Ilya notes: had we found a way to engineer an RNN with a very large hidden state, perhaps it would have matched the Transformer.
Bigger neural networks approximate the Kolmogorov compressor better. This may be why we like scaling: larger models have less regret as compressors, extracting more predictive value from data.
iGPT: Validation in the Image Domain
iGPT:图像领域的验证
To validate this theory beyond text (where next-token prediction can be explained without invoking compression), Ilya and collaborators tested it in the image domain with iGPT (2020):
- Take an image, flatten it into a sequence of pixels, discretize intensity values
- Train a Transformer on next-pixel prediction — the same autoregressive objective as GPT, but on pixels
- Evaluate unsupervised learning quality via linear probe accuracy: pick the best internal layer, fit a linear classifier, measure downstream performance
Results on CIFAR-10: as the model gets better at next-pixel prediction, linear probe accuracy improves monotonically. With a 6B parameter model on 64×64 images, they achieved 99% on CIFAR-10 — remarkably strong for a method that never sees any labels during pretraining.
The result confirmed: better compression → better unsupervised representations, even in a domain (vision) where the connection to text-based next-token prediction is non-obvious.
The Mystery of Linear Representations
线性表示的谜团
The compression theory explains why unsupervised learning extracts useful features, but it does not explain why those features are linearly separable. Linear probes work surprisingly well on intermediate representations, and the reason “must be deep and profound.”
One interesting observation: autoregressive models produce better linear representations than BERT-style models. Ilya’s speculation for why:
- In next-pixel prediction, predicting pixel \(t+1\) from pixels \(1, \ldots, t\) sometimes requires understanding long-range structure (e.g., predicting a pixel at the start of a new row from the entire preceding image context)

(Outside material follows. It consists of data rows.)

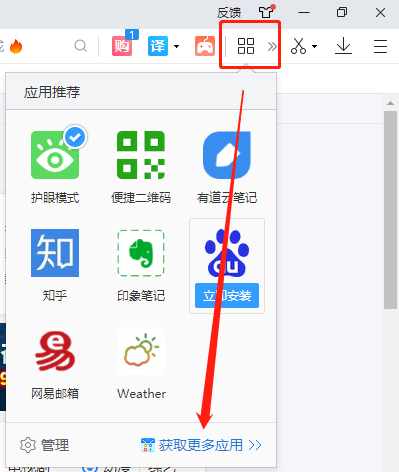 我们首先要在2345浏览器的右上方找到由四个小正方形组成的“进入应用中心”图标,再出现的下拉菜单中,点击“获取更多应用”。
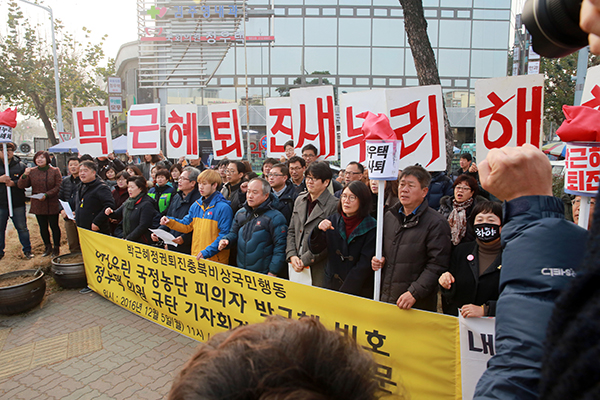 이어 “정우택은 지난 11월 10일 보수단체 일부가 주최한 박근혜 하야 반대 집회에 참가해서 ‘대통령의 권력을 찬탈하려는 음모를 막자’라는 망언을 일삼은 발언을 했다”며 “박근혜 국정농단의 진실을 음모로 왜곡하는 자가 새누리당의 원내대표가 된 것은 충북 지역의 수치”라고 밝혔다.
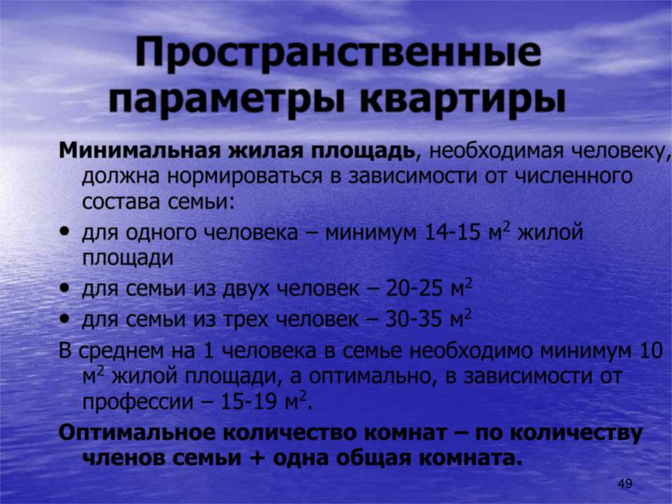 Всреднем на 1 человека в семье необходимо минимум 10 м2 жилой площади, а оптимально, в зависимости от профессии – 15-19 м2.
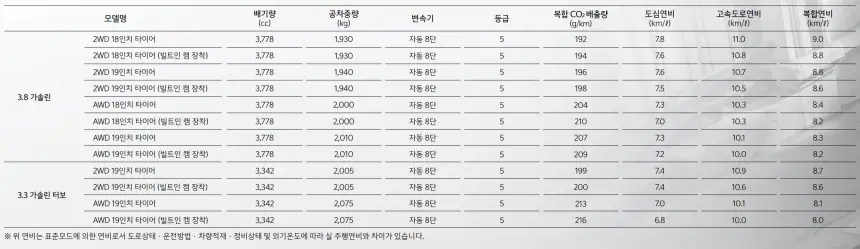 3. 제원과 연비
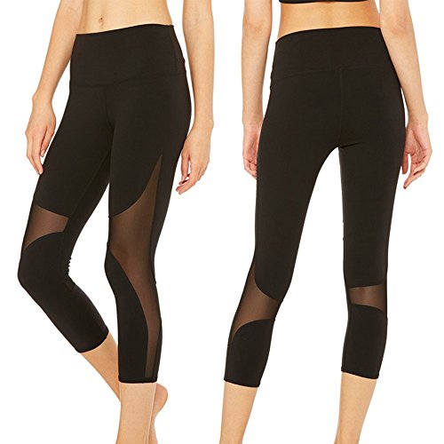 -. Title : CROSS1946 Sexy Women's Mesh Yoga Fitness cropped Pants Soft Tummy Control Leggings Waistband Workout CaP.R.Is
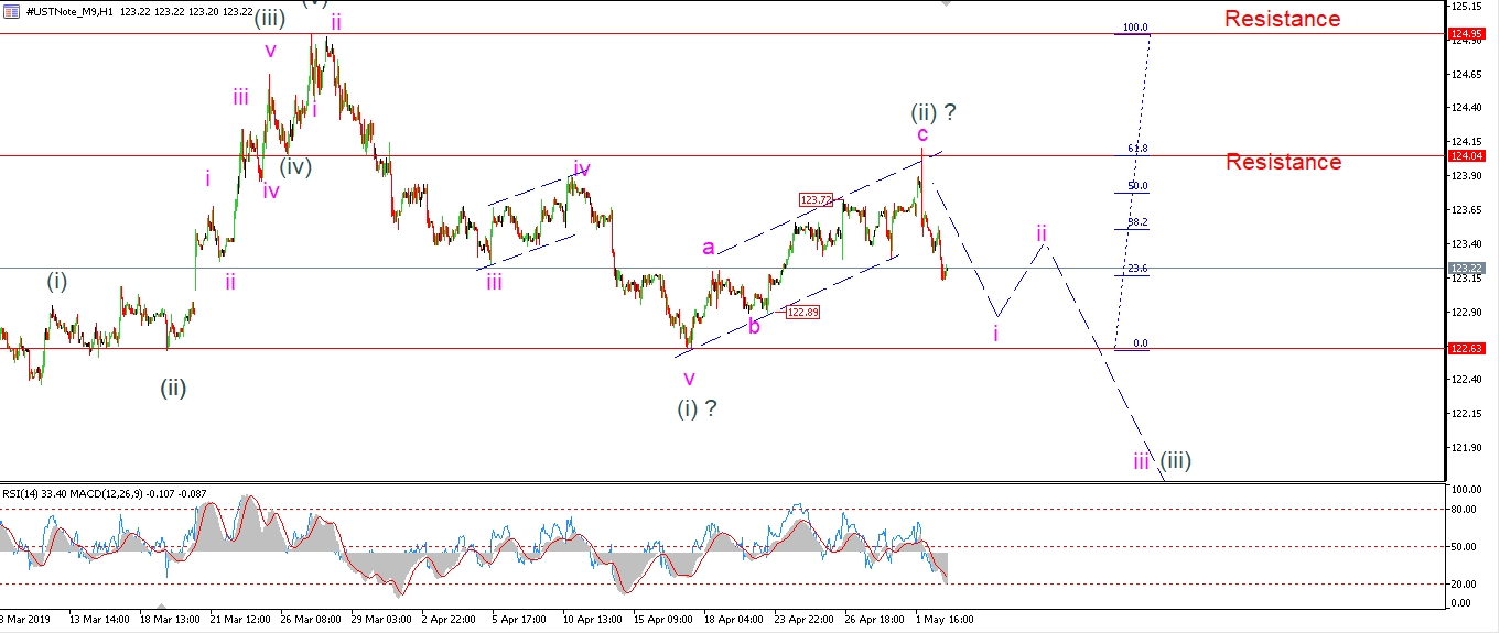 The 10YR continued lower today in a possible wave ‘i’ of (iii).
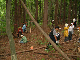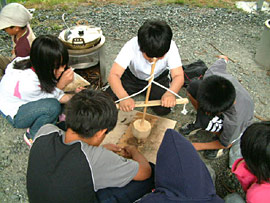 ![]() ▲火熾し体験、なかなか火がつかないぞがんばれ |
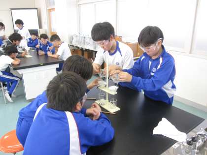 水よう液をガラス棒に伝わらせて、ろうとに静かに流しこみました。
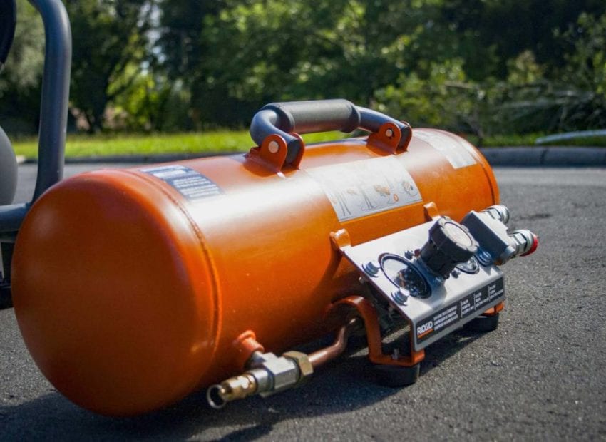 Itโs easyย to detach the orange tank for portable work. You can use the orange tank as a standalone air sourceย or daisy chain it to the grayย tank with a hose. The first option allows complete portability without aย refill while the second allows a hose-length radius of work with automatic refilling. Using a hose to extend your reachย is particularly helpful if you have the entire machine in the back of your truck. You can reapย the benefits of Ridgidโs Subaru-powered 8-gallon compressor for the size and weight of a 4-gallon tank โ not to mention the noise reduction for interior work.
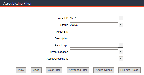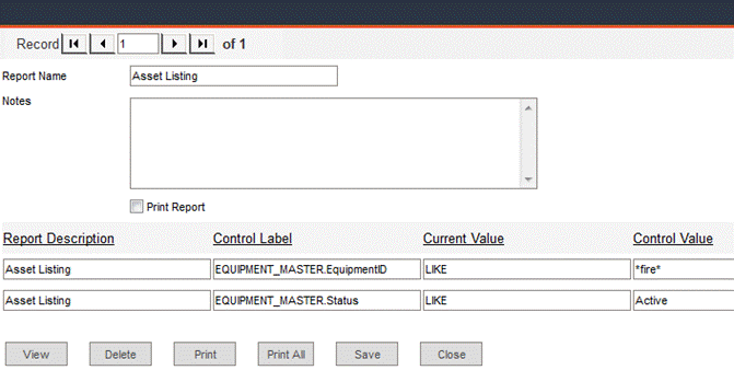 The selection of an enhanced report will open a filter that allows you to define a specific group of records to analyze. Some reports allow you to sort data according to your preference, many reports give you a choice between a summarized listing and a detailed report and most of the report filters contain special options. The filter options will vary depending on the report you’ve chosen to view, i.e., Date, Asset ID, Task ID, Asset Type, Current Location, Description, Staff ID, etc. To view all records, leave all filter fields blank. Use the Clear Filter button to clear all field contents.

- In BERT, you mask ~25% of tokens and predict them from context on both sides. Any prediction can be done well by looking a little into the past and a little into the future — the local context suffices
- BERT removes the hardest prediction tasks, the ones that force the model to build global representations. Autoregressive models must solve these hard cases, which drives the formation of more informative features
This also implies that diffusion models, which are conceptually similar to BERT (denoising from a corrupted version), should have worse linear representations than autoregressive models — for the same reason.
Q&A Highlights
Q&A 精选
On the limits of the analogy. The biggest gap between Kolmogorov complexity and neural networks is the search procedure. Kolmogorov complexity enumerates all programs from scratch each time; SGD is an incremental, order-dependent search. Data ordering matters for neural networks precisely because SGD is a weak search procedure — early features get “baked in” and persist throughout training. Ilya cautions that the analogy is “very clearly not universally applicable” but is valuable for explaining where unsupervised learning comes from.
On VC dimension. A questioner defends VC dimension by citing a 2007 result on PAC learning of quantum states, where the VC dimension is exponentially smaller than the log of the hypothesis class size. Ilya concedes this is a cool example where VC dimension remains essential.
On energy-based models. Energy-based models offer another way to turn neural networks into probability distributions — assign an energy to each configuration, then normalize. Ratios of distributions correspond to differences in energy. This connects to the distinguishability ↔ prediction equivalence from cryptography.